Hippies, yup, sure .... WHAT?
by May 13, 2005 8:34 AM PDT
There is no doubt that the counter-revolution played a large role in the values we hold dear, and to the ones that built the internet.

But these values were springing up everywhere, not just on college campuses, where long hairs were collecting.

Remember, in the end, the SQUARES built the internet, not hippies. And unlike the hippies they weren't in it for the BABES.

Most of us geek SQUARES just learned a few tricks from the hippies.
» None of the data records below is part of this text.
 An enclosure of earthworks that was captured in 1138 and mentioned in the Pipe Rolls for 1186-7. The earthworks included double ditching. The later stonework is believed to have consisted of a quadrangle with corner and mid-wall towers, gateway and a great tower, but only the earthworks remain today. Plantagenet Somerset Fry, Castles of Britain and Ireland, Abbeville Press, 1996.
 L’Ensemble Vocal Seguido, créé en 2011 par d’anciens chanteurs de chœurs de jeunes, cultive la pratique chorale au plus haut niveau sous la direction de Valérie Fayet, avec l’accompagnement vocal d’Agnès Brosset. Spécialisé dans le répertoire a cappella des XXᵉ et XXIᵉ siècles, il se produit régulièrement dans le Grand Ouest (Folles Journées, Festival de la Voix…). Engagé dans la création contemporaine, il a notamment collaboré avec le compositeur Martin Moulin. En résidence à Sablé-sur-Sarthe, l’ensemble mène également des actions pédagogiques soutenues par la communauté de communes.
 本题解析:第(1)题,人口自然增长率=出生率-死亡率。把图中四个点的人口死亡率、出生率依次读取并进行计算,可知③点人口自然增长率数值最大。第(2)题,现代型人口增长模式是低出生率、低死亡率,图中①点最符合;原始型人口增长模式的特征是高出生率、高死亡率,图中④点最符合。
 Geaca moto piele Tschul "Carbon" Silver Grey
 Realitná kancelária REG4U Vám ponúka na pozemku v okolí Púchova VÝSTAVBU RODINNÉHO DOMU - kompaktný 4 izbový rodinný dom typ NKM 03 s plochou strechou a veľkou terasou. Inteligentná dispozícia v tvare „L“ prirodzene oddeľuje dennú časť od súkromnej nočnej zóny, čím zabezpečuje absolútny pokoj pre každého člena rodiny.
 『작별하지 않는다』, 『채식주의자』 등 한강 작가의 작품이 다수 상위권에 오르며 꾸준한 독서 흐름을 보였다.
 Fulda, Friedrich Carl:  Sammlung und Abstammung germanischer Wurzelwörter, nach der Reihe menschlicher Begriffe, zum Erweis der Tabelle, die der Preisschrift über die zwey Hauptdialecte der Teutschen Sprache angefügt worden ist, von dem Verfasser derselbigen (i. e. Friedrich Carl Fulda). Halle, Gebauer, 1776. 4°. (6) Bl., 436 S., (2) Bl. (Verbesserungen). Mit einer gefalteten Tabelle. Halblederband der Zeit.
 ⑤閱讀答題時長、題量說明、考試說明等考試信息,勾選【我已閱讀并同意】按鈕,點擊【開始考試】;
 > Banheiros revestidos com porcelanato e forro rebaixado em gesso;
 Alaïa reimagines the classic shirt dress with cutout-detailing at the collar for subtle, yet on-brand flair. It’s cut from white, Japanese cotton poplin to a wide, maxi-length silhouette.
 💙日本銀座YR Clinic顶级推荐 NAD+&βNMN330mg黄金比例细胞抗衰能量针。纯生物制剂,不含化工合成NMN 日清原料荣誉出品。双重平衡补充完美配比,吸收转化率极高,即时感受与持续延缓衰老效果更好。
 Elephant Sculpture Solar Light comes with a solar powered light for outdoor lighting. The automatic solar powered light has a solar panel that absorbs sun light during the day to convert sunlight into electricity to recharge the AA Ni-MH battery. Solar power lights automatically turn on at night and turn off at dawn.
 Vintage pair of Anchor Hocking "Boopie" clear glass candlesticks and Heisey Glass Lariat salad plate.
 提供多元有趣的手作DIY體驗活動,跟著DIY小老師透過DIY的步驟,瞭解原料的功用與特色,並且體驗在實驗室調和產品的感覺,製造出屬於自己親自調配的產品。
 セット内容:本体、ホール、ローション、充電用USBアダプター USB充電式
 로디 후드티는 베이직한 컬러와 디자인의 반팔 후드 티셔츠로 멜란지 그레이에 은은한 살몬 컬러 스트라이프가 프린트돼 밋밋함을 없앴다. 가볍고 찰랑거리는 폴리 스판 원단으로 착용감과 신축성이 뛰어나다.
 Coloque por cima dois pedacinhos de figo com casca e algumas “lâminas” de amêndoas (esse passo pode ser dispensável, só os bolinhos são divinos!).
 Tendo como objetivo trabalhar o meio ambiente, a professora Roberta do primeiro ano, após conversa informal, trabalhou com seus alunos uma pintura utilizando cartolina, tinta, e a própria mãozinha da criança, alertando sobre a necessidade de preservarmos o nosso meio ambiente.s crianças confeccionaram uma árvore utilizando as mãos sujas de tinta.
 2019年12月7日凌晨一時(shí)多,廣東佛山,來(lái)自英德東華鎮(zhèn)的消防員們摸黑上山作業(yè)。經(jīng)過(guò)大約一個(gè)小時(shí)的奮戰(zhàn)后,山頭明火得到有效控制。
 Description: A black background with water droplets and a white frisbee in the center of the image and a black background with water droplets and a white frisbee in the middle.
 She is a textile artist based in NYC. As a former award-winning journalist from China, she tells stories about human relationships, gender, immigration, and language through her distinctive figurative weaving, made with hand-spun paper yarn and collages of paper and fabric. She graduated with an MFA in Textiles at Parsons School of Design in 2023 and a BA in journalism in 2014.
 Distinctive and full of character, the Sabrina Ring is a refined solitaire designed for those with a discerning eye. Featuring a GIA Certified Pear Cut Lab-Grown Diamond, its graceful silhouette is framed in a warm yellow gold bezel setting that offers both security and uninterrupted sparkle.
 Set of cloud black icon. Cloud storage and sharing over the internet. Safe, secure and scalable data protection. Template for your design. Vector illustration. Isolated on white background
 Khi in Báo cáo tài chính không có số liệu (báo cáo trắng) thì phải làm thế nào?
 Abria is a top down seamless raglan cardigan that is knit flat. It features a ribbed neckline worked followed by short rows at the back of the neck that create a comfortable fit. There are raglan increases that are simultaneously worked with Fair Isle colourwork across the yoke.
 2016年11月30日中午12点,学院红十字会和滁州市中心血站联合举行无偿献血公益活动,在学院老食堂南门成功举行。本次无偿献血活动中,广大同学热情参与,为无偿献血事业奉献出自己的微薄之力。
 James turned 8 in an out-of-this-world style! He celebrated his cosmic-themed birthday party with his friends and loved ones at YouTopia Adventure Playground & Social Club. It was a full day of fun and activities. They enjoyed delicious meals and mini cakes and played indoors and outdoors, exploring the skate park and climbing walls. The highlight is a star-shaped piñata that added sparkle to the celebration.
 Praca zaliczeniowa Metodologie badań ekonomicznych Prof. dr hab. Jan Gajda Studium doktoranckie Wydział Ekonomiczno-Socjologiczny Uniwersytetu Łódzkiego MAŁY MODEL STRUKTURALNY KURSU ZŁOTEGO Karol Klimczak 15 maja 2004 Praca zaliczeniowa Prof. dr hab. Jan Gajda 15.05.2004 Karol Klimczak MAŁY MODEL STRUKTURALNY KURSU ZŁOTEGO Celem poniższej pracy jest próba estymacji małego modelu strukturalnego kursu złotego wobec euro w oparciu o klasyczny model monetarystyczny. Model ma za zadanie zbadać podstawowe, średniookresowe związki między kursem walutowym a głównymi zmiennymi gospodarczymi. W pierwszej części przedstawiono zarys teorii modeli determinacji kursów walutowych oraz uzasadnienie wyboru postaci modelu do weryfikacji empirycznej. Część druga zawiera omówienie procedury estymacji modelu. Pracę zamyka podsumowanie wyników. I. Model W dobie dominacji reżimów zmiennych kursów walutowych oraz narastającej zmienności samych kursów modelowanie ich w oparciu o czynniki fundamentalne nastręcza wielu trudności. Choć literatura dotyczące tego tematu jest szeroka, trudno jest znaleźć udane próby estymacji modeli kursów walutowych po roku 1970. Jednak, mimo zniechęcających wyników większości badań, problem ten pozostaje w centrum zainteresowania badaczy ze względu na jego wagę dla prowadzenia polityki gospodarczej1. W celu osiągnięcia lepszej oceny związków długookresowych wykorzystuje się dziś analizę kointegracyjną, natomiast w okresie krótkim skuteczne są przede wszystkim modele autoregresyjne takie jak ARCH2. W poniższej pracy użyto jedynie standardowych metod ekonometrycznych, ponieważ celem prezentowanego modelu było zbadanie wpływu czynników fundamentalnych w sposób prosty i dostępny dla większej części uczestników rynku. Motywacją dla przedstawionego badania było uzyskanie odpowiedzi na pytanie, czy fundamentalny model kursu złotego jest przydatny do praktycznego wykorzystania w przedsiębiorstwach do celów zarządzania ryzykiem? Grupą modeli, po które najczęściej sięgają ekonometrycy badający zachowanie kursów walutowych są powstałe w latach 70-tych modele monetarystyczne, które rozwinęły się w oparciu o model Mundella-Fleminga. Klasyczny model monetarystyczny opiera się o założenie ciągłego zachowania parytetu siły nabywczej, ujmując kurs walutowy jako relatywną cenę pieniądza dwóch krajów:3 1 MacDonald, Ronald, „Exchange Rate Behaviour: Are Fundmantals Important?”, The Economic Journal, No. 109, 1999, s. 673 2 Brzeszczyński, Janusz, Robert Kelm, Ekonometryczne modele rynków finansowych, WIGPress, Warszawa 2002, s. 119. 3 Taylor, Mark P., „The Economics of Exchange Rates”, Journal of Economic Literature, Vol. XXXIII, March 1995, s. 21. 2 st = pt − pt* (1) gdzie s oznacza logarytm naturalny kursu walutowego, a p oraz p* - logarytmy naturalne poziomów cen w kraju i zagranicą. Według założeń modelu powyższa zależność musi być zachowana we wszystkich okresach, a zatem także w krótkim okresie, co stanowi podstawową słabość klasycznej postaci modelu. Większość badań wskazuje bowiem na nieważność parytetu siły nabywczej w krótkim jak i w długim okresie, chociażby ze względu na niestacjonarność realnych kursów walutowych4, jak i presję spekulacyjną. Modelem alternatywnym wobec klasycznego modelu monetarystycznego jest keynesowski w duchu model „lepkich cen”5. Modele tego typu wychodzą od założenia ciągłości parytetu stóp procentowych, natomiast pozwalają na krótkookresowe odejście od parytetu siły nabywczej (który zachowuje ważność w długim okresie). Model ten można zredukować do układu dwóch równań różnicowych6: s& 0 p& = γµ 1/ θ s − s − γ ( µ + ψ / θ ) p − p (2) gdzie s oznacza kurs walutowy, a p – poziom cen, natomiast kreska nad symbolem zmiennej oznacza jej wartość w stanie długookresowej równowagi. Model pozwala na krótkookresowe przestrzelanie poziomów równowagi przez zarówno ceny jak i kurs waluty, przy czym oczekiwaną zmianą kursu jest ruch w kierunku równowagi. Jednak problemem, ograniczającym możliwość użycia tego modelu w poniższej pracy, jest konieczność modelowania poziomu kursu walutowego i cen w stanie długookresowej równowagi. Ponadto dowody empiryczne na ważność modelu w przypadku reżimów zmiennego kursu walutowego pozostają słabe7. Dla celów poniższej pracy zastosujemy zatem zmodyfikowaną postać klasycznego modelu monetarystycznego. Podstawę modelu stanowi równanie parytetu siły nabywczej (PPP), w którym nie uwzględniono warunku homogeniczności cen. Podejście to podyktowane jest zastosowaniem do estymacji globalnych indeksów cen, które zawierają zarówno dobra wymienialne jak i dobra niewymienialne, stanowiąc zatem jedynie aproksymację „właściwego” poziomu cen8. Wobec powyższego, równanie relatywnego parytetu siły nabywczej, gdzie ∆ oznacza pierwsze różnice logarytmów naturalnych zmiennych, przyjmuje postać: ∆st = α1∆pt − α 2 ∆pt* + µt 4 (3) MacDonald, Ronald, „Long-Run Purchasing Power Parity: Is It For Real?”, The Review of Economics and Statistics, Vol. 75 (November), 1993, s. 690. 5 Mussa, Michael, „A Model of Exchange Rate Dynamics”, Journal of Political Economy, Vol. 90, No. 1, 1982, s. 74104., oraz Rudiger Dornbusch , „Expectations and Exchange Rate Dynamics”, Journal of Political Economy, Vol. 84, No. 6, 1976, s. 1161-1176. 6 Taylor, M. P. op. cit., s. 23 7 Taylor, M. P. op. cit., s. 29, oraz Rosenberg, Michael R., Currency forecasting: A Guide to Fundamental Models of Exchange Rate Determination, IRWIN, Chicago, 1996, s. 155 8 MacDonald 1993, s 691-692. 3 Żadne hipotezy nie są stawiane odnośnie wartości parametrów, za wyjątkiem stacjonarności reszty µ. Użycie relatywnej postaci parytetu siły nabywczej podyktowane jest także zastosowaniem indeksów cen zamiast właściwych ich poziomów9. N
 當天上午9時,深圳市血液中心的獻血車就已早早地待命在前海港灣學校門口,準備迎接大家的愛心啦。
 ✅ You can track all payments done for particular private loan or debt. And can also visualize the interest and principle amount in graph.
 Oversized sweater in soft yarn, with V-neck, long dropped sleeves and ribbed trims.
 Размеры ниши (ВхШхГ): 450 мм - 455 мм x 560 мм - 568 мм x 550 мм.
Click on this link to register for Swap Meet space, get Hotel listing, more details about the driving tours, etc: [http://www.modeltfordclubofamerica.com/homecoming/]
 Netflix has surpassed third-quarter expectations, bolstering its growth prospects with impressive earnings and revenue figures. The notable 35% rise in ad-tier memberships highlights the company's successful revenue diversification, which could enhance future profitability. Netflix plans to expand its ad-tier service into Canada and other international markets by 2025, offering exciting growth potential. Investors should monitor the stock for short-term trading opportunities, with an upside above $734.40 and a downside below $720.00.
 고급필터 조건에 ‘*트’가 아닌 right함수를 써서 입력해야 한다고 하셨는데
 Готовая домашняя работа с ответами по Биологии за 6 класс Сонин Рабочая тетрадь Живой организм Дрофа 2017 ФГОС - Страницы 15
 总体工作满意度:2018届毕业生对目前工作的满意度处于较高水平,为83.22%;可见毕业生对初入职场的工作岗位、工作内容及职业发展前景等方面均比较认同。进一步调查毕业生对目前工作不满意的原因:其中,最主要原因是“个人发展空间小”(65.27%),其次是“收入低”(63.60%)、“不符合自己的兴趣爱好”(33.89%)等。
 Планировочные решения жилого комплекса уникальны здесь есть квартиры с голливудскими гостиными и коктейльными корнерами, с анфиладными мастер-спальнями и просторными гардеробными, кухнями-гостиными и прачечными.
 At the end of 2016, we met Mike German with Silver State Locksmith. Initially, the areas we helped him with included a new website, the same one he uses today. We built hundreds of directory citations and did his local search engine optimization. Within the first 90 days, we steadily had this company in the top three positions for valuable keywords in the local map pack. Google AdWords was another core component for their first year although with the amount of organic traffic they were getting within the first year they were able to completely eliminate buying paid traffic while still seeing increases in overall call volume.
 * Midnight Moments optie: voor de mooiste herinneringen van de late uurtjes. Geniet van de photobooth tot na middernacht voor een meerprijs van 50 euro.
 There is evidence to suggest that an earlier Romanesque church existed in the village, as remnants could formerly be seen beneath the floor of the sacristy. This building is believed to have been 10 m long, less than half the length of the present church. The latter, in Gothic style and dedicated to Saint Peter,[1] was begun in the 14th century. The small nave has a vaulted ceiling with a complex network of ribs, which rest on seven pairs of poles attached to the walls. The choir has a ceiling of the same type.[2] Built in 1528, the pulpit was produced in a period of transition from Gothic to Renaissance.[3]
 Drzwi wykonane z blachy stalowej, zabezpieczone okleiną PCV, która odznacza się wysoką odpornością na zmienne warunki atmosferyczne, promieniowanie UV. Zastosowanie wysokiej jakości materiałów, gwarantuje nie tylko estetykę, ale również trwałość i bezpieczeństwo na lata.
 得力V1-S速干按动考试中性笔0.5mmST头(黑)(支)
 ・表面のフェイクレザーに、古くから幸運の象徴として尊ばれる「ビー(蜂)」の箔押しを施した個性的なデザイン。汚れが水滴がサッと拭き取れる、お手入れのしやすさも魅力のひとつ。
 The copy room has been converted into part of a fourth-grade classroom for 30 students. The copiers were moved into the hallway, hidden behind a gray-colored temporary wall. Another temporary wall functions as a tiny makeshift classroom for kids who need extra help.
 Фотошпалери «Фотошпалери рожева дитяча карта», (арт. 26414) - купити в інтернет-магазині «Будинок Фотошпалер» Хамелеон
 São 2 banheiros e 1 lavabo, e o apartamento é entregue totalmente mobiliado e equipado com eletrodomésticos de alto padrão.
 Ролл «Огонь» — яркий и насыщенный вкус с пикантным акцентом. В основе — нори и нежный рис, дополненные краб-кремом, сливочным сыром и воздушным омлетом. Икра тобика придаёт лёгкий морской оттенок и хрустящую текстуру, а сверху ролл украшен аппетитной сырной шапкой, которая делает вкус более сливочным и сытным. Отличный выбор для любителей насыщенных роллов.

But we weren't hippies and we were comfortable in a military uniform.

And when we wrote software it wasn't for "petyourdogonline.com".
Reply to this comment
Do the "straight people" ever refrain from re-writing history?
by pgh May 13, 2005 12:52 PM PDT
In 1971, I first began writing code as a high-school student. In the mid-1970s, I was a post-hippie-era electronics tech with a love of hi-fi who go sucked back into computers after reading about the mavericks who were "mis-applying" the process control hardware coming out of Intel, designing the first PCs. And while it's true that the "establishment" built the basic building blocks of PCs and the internet (microprocessors and the ARPANET), it was the wild-eyed free-thinkers who designed and built the first working, practical PCs. And it was they who dreamed of using them from everything from art to architecture. From our point of view, computing was about a hell of a lot more than keeping accounts straight. It was about doing the really cool things for ourselves. The PC revolution was already in full bloom by the time IBM got into the game in late 1981. At that time you could buy an Apple II with a music synthesizer, a graphics tablet, CAD software, etc.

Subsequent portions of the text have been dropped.